Но я не знал одного: стояла ли еще там рощица, вблизи которой впервые я встретил ее, когда она пасла коров.
Я плакал благодатными слезами. Их влага меня освежила. Я чувствовал себя таким старым, как будто из века в век влачил за собой мировое горе, подобно человеку, узревшему смерть и ныне воскресшему.
И в том же самом доме я почувствовал первые приступы болезни.
С течением времени мной овладело великое спокойствие, глубокое отрадное успокоение, подобное погружению в воды забвенья.

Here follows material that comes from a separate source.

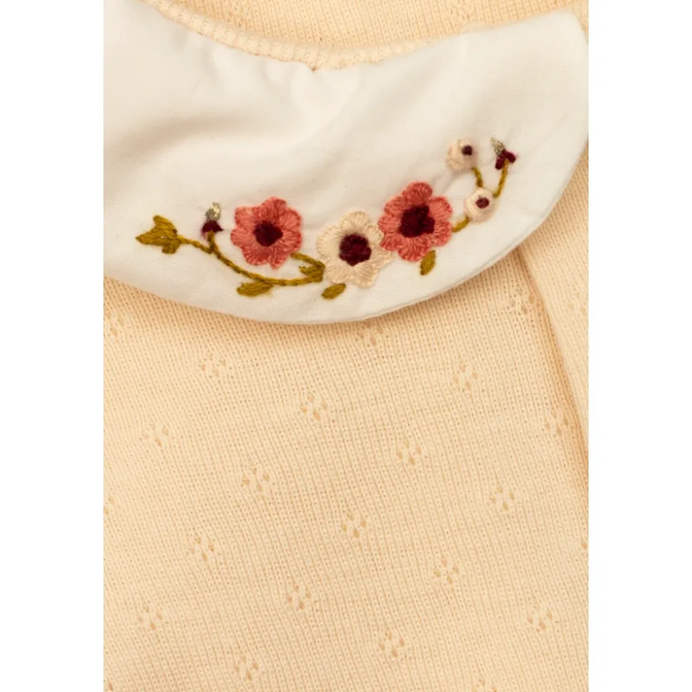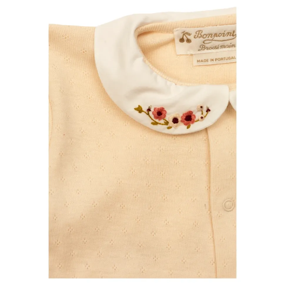 COLLARED PYJAMAS van Bonpoint zijn het toonbeeld van subtiele Franse elegantie, ontworpen voor de jongste kenners van comfort en stijl. De licht opengewerkte stof, vervaardigd van de fijnste katoen, omhult de huid van een kind met zachtheid, ademend met de delicatesse van de meest exquise stoffen. Het klassieke, eendelige ontwerp met lange mouwen en pijpen betovert met zijn praktische karakter, biedt volledige bewegingsvrijheid en thermisch comfort gedurende de hele nacht. De volledige voorkant sluiting maakt het eenvoudig om te verschonen, terwijl de decoratieve afgeronde kraag in witte stof prachtig contrasteert met de subtiele roze achtergrond van de pyjama’s. Het krijgt een vleugje bijzondere verfijning door het delicaat geborduurde bloemenmotief, vervaardigd met buitengewone zorg – een handtekening van de Bonpoint-collectie en de tijdloze stijl van dit Parijse merk. WAAROM DIT PRODUCT KIEZEN? * Natuurlijk, katoen garandeert zachtheid en veiligheid voor de gevoelige huid van een kind. * Klassieke elegante esthetiek verrijkt met met de hand geborduurde bloemaccenten. * Praktische en comfortabele volledige voorsluiting. * Uitzonderlijk Frans merk gewaardeerd door families over de hele wereld. * Uniek detail – een verfijnde, contrasterende kraag met borduurwerk.

Среди этого безмолвия комнат я не производил большего шума, чем воздушные призраки, которые скользили по ним, будя воспоминания о прежней жизни.
Я блуждал со своей разбитой жизнью в руках, словно нес реликвии, боясь их растерять по дороге.
Я снова покоился в своей юношеской постели. Жил некоторое время за наглухо закрытыми ставнями таинственной жизнью, с одною старой служанкой, как хранительницей моих родных теней. Об Од я не думал. Мы расстались в ужасной пресыщенности извращенной любовью.
И стал я другим человеком, видел вещи другими глазами. Болезнь моя была не тем, о чем мне говорили, – не была сладострастьем тела, искусством вызывать из него наслажденье, как поэт извлекает прекрасные стихи, как ваятель высекает узоры из мрамора и металла.